Oxidation of ethanol to acetaldehyde in brain and the possible behavioral consequences.

Abstract

One of the oldest theories of ethanol’s action is that the first metabolite, acetaldehyde, is responsible for some of the actions in the central nervous system (Hunt, 1996; Hashimoto et a1. 1989; Tan et a1. 1993; Bergamaschi et a1. 1988; Zimatkin and Deitrich, 1997; Thadani and Truitt, 1977; Collins et al. 1988; Heap et al. 1995). This hypothesis fell into disfavor for a number of reasons. The first was that following ethanol ingestion, the blood levels of acetaldehyde are extremely low, provided that the artifactual formation of acetaldehyde is accounted for (Sippel, 1974; Westcott et a1. 1980; Sippel and Eriksson, 1975; Tabakoff et a1. 1976; Zimatkin and Pronko, 1995).
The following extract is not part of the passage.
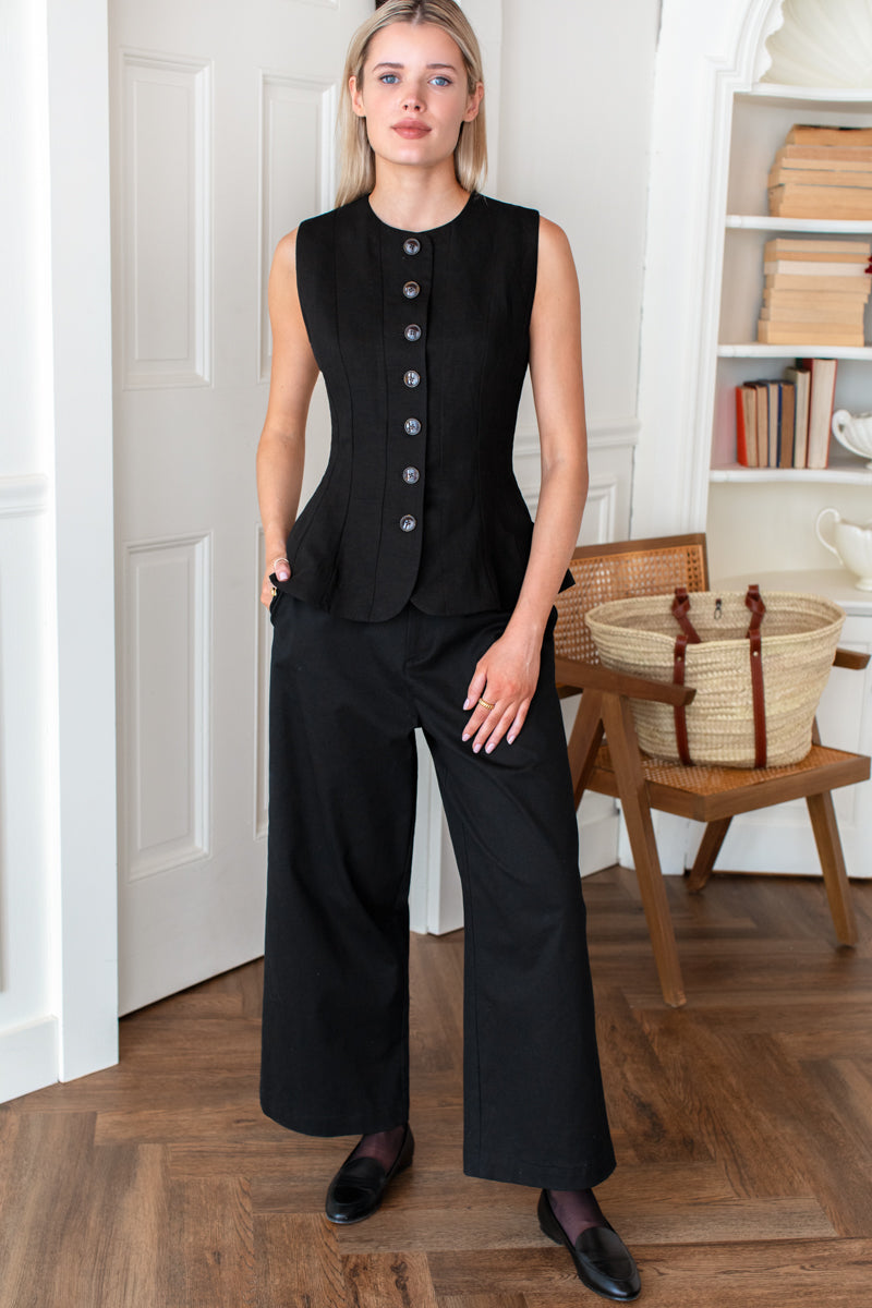 Tencel linen twill with fluid drape Wide leg Pleats at waist Pull on styling Unlined Made in NYC XXS: Waist 24 3/4”, Hip 44”, Inseam 28” XS: Waist 26 3/4”,...

The levels in normal humans are nearly undetectable in the blood, of the order of 1 μM. The second problem was that even if the blood acetaldehyde levels were significant, the molecule does not seem to be able to penetrate the blood brain barrier because of the presence of aldehyde dehydrogenase in blood vessels. Substantial blood levels were required before acetaldehyde appeared in the brain (Westcott et a1. 1980; Tabakoff et al. 1976; Sippel and Eriksson, 1975; Sippel, 1974; Sippel, 1974). A third issue was that one could inhibit the oxidation of ethanol to acetaldehyde with pyrazole but intoxication still ensued. Indeed the use of pyrazole was critical in the vapor chamber method of Goldstein where ethanol metabolism was slowed in order to physically addict mice to ethanol (Goldstein and Pal, 1971).